Based on the file extensions, requests can be partitioned into at least six broad categories: text, images, audio, video, scientific data, and other. Within these divisions, we have classified text files as those with extensions such as html, txt, ps, doc, and tex. Graphics file extensions include gif, jpg, and rgb as well as other formats. Audio file extensions include au, aiff, and aifc. Video file extensions include mpeg, mov (QuickTime), and others. The scientific file category includes hdf, the NCSA Hierarchical Data Format (HDF). Finally, any remaining requests are placed in the "other" category.

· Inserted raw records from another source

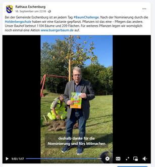 Einmal reicht. Nachdem die Holderbergschule die Gemeinde Eschenburg nominiert hat für die #BaumChallenge, haben wir eine Kastanie gepflanzt, die ohnehin am öffentlichen Spielplatz beim Kindergarten in Hirzenhain/Bahnhof Schatten spenden sollte. „Bei uns ist jeden Tag BaumChallenge“, sagen die Kollegen vom Bauhof. Unsere „Herausforderung“ gilt weit über 1.000 Bäumen auf Grundstücken der Gemeinde. Zur Sicherheit muss die Kommune nämlich „ihre“ Bäume an Straßen, Wegen, Plätzen, in Wohnanlagen, auf Spiel- und Sportanlagen, in Grün-, Freizeit- und Erholungsanlagen, an Kindertagesstätten oder auf Friedhöfen mindestens zweimal jährlich kontrollieren, im belaubten und unbelaubten Zustand. Seit Sommer läuft das digital: 1.103 Einzelbäume und 209 flächige Baumbestände (629.241 m²) sind in einem Kataster erfasst und werden kontrolliert und mit Computer-Hilfe protokolliert. An 83 Einzelbäumen wurden Probleme festgestellt, die zu beseitigen sind, um die Verkehrssicherheit weiterhin zu gewährleisten. Pflanzen ist das eine - Pflegen das andere. Deshalb halten auch unsere Kollegen im Wald, deren Bäume hier noch gar nicht mitgezählt sind, nichts von Symbol-Politik und hätten gerne Geld für größere Anpflanzungen zur rechten Zeit. Wir wollen mit unserem Video deshalb auch nicht andere nominieren, sondern animieren. Womöglich legen wir nochmals unsere Aktion „Bürgerbaum“ (www.buergerbaum.de), bei der 1.000 Bäume an Familien in Eschenburg verteilt werden konnten, auf. Dafür hat es nur von der Sparkasse einen Preis gegeben, aber keine Förderung ist hierfür zu finden. Vielleicht eine Chance, Spender zu finden, die über die „Stiftung für Eschenburg“ Mittel bereit stellen für neue Bäume und Pflanzaktionen. Ideen fürs Pflanzen und Pflegen hat die „Kommission Zukunft“.
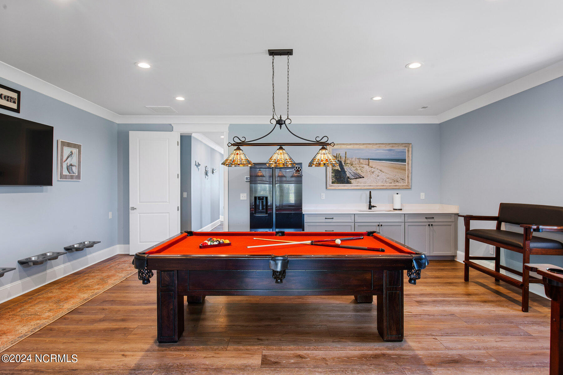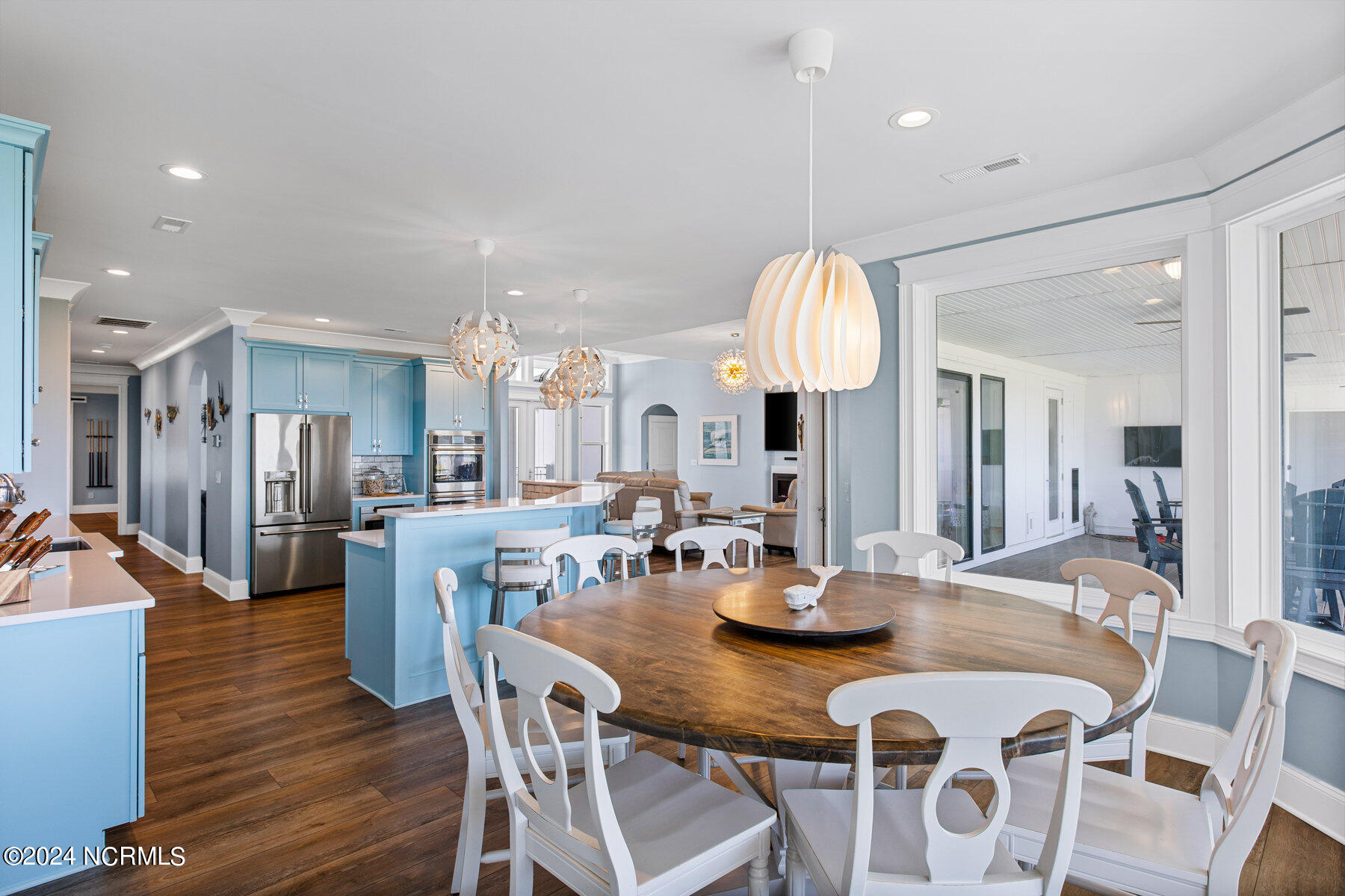 Entertain guests in style with an in-ground heated pool and outdoor kitchen located on the expansive patio, creating the ultimate setting for gatherings.
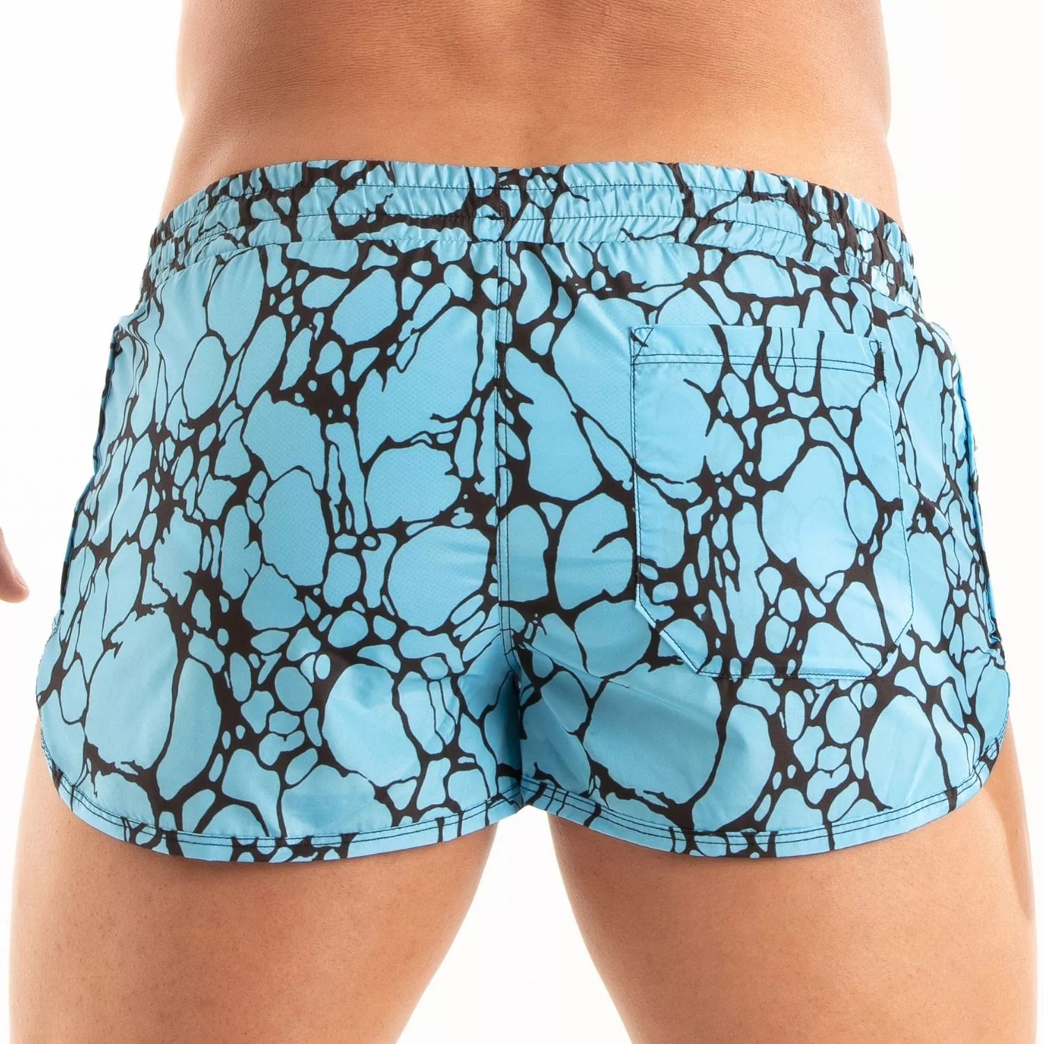 Mini short de bain imprimé bleu – le short sexy et tendance
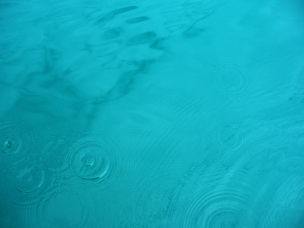 circular ripples from drops of water landing of the surface of bright cyan coloured water

The IP addresses provide additional information. By converting an IP address to a domain name, one can determine the components of the domain name and, often, the location of the requester. In the United States, common domain name extensions include education (edu), commercial (com), government (gov), and other (us). Outside the United States, countries typically use the ISO 3166 (1993) two letter country codes, or the network (net) extension. By exploiting these two letter country codes, one can identify the request's country of origin. As we shall see, IP addresses and domain names are the starting point for finer geographic distinctions, including mapping requests to specific latitude and longitude.
Simply put, the httpd log files provide a wealth of information
about incoming WWW requests.
Aggregating individual requests shows larger, evolving patterns that are
striking when visualized in real time.
Real-Time WWW Data Analysis
In earlier work, we characterized the NCSA WWW server access patterns
statistically
[10,
11].
This statistical analysis showed that request heterogeneity was growing
rapidly and that data type-specific caching could dramatically reduce
server access latencies.
We also developed a virtual reality system for interaction and display
of these dynamic statistics
[18].
Although this approach provided substantial insight into WWW server
performance and helped identify scalability limitations inherent in
the NCSA server architecture, it did little to aid our understanding
of either the origins of WWW requests or their temporal and spatial patterns.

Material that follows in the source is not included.